16 and 17 November 2021
During an inspection looking at part of the service
Our rating of this location stayed the same. We rated it as inadequate because:
- Staff did not always understand how to protect patients from abuse. There was not a robust system and process in place for the appropriate and timely referral of safeguarding concerns.
- The service did not always control infection risk well, the premises and equipment were not always visibly clean, and some policies were still not fully reflective of the service and it was unclear what monitoring processes had been implemented. The design, maintenance and use of equipment did not always keep people safe.
- The design, maintenance and use of equipment and premises did not always keep people safe.
- There was limited assurance that there were robust systems and processes in place for the appropriate and timely referral, triage and escalation of patient care. There was limited evidence that the risk to patients and staff during care and treatment had been considered and mitigating actions identified.
- Records were not always stored securely and easily available to all staff providing care.
- The service did not always manage patient safety incidents well. Staff did not always recognise and report incidents and near misses. Managers did not always investigate incidents or shared lessons learned with the whole team and the wider service.

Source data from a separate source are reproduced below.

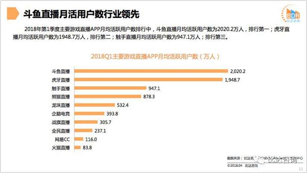 国内知名数据机构比达咨询(BigData-Research)近日发布了《2018年第一季度中国游戏直播市场研究报告》,报告显示,在2018年第1季度主要游戏直播APP月均活跃用户数排行中,斗鱼直播月均活跃用户数为2020.2万人,排行第一;虎牙直播月均活跃用户数为1948.7万人,排行第二;触手直播月均活跃用户数为947.1万人,排行第三。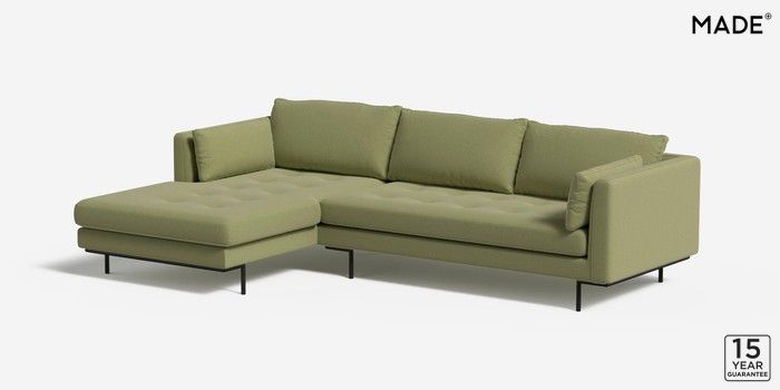 6.12.1 Harlow by Made Medium Sofa Chaise - Left Hand Soft Chenille Easy Clean Green Tea Skinny - Black | Made Click here to use our website with more accessibility support, for example screen readers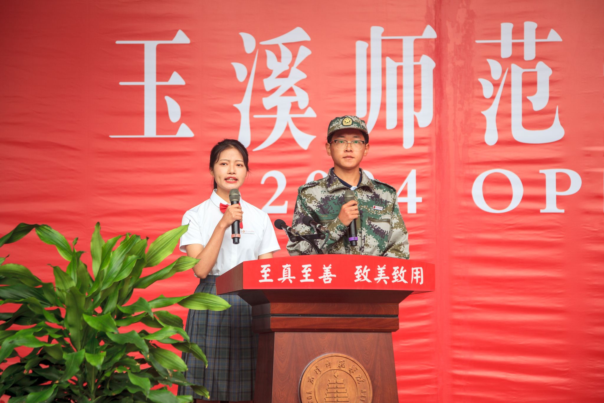 文学院左家林、外国语学院朱组改两位同学作为新生代表发言,分享了自己与玉师结缘的故事,呼吁同学们发扬玉师“至真至善 致美致用”校训精神,在大学生涯中心怀“国之大者”、情系故乡发展、磨练坚强意志、锤炼过硬品格、积蓄成长动力、书写奋斗青春。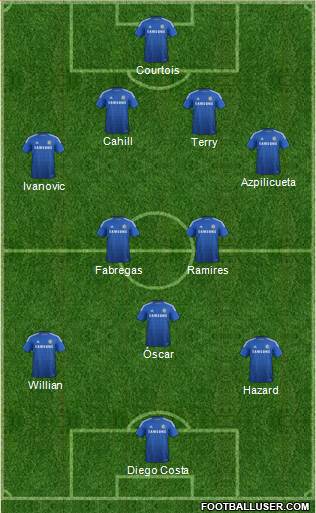 Courtois · Cahill · Terry · Azpilicueta · Ivanovic · Fabregas · Ramires · Óscar · Willian · Hazard · Diego Costa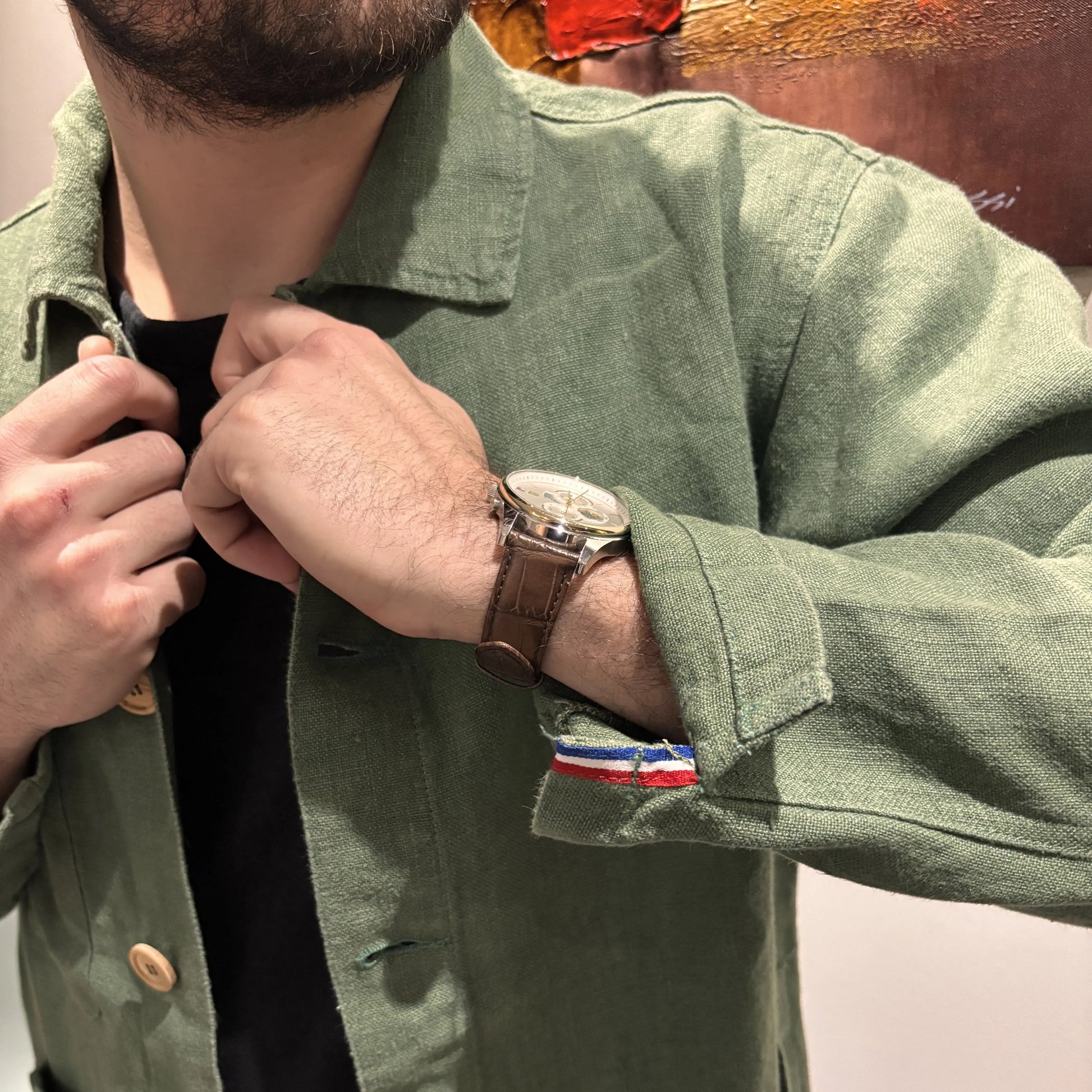 - Confectionné en Île-de-France, au sein d’un atelier reconnu pour sa précision et son expertise, garantissant des finitions impeccables.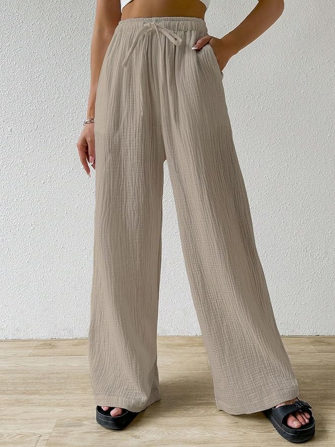 STYLE: Wide leg casual pants featuring a relaxed silhouette with full-length design and H-shape cut for maximum comfort WAISTBAND: Elastic waist with adjustable drawstring closure ensures a customised, secure fit for all-day wear MATERIAL: Textured fabric with vertical ribbed pattern offers breathability and a flattering drape perfect for daily wear VERSATILITY: Suitable for spring/fall seasons, these black pants pair effortlessly with casual tops for everyday outfits DESIGN FEATURES: Convenient side pockets, straight-leg cut, and loose fit make these pants ideal for casual daily activities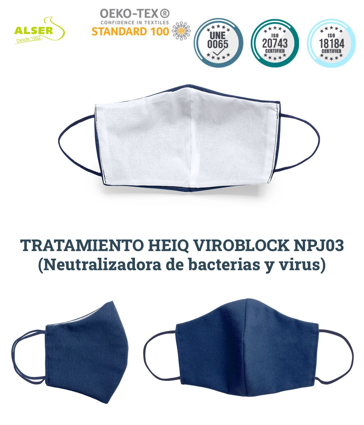 • Mascarilla antimicrobiana de alta efectividad frente a virus y bacterias gracias a su tecnología HeiQ Viroblock NPJ03.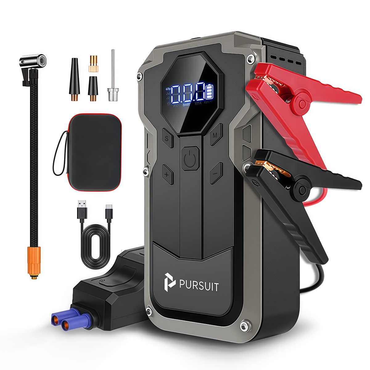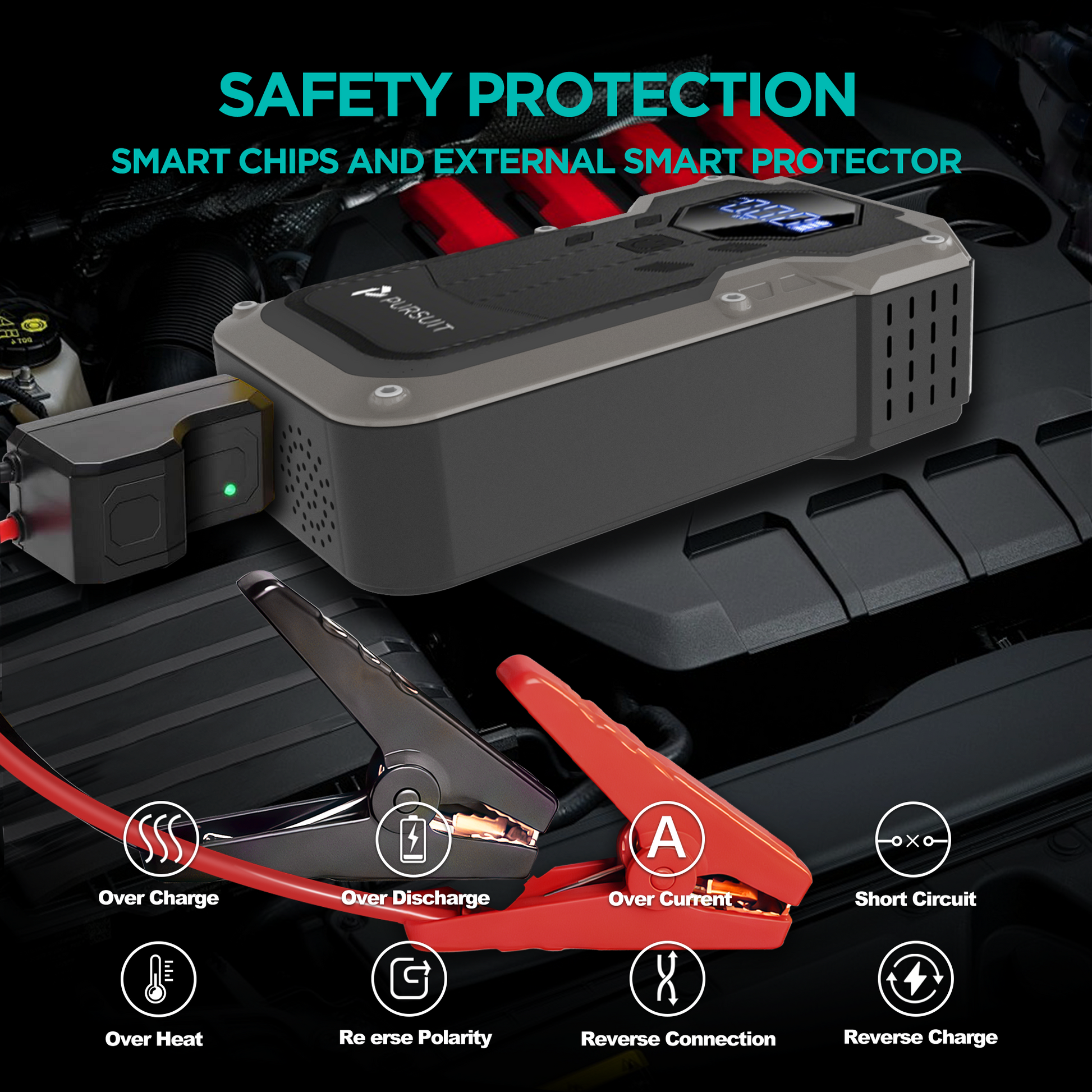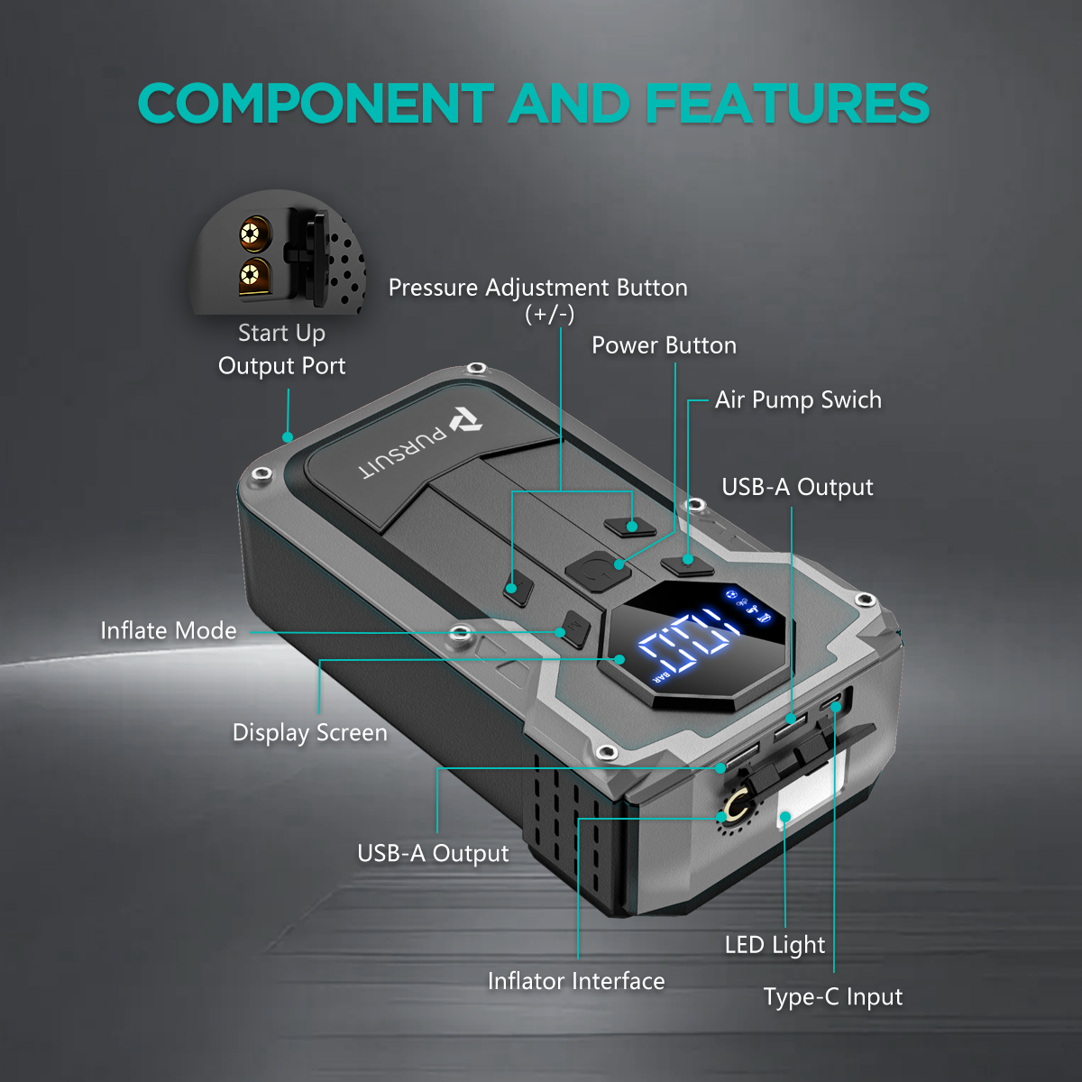 - ENHANCED SAFETY & QUALITY: The Pursuit Jump Starter with air compressor has 10 built-in 10 protection features that prevent misoperation from occurring, meeting national standard UL & FCC Certifications. Its durable ABS housing is tough enough to withstand accidental drops. Our customer's safety and comfortability using this product is our top priority

- There remained concerns about the competency and recruitment checks for agency staff.
- We had concerns raised with us from patients that it was not easy to contact the provider and raise complaints.
- Whilst steps had been taken to strengthen the leadership structure, leaders did not all have the skills and abilities to run the service. The service was receiving support from external agencies to fulfil leadership roles and there was not a robust process in place to ensure sustained long-term effective leadership capacity and capability to assess, monitor and improve the quality and safety of services provided.
- Leaders did not operate effective governance processes, throughout the service and so staff at all levels could not be clear about their roles and accountabilities.
- Whilst some improvements had been made to systems and processes in relation to the management of risks, issues and performance. There was not a robust system and process in place to assess and monitor the improvements that had been implemented and risk management processes were not robust.
However:
- The service provided care and treatment based on national guidance and evidence-based practice. Improvements had been made to quality assurance processes and the service had implemented an audit schedule.
- The service made sure staff were competent for their roles. Improvements had been made to the appraisal process for staff and there were plans to hold supervision meetings with them to provide support and development.
- Consent documentation for intimate ultrasound examinations had been updated to meet national guidance and the policy had been updated to reflect this.
- There was a process for people to give feedback and raise concerns about care received. The service investigated complaints and included patients. Improvements had been made to the process to evidence lessons learnt and share them with all staff.
- The service recognised that work to improve the culture in the organisation was required but had not progressed since the last inspection. Leaders we spoke with felt valued and supported in their roles.
- Some improvements had been made to policies and monitoring processes.
Following our inspection, we took enforcement action under section 29 in which we issued two warning notices, due to risks identified with safe care and treatment and good governance.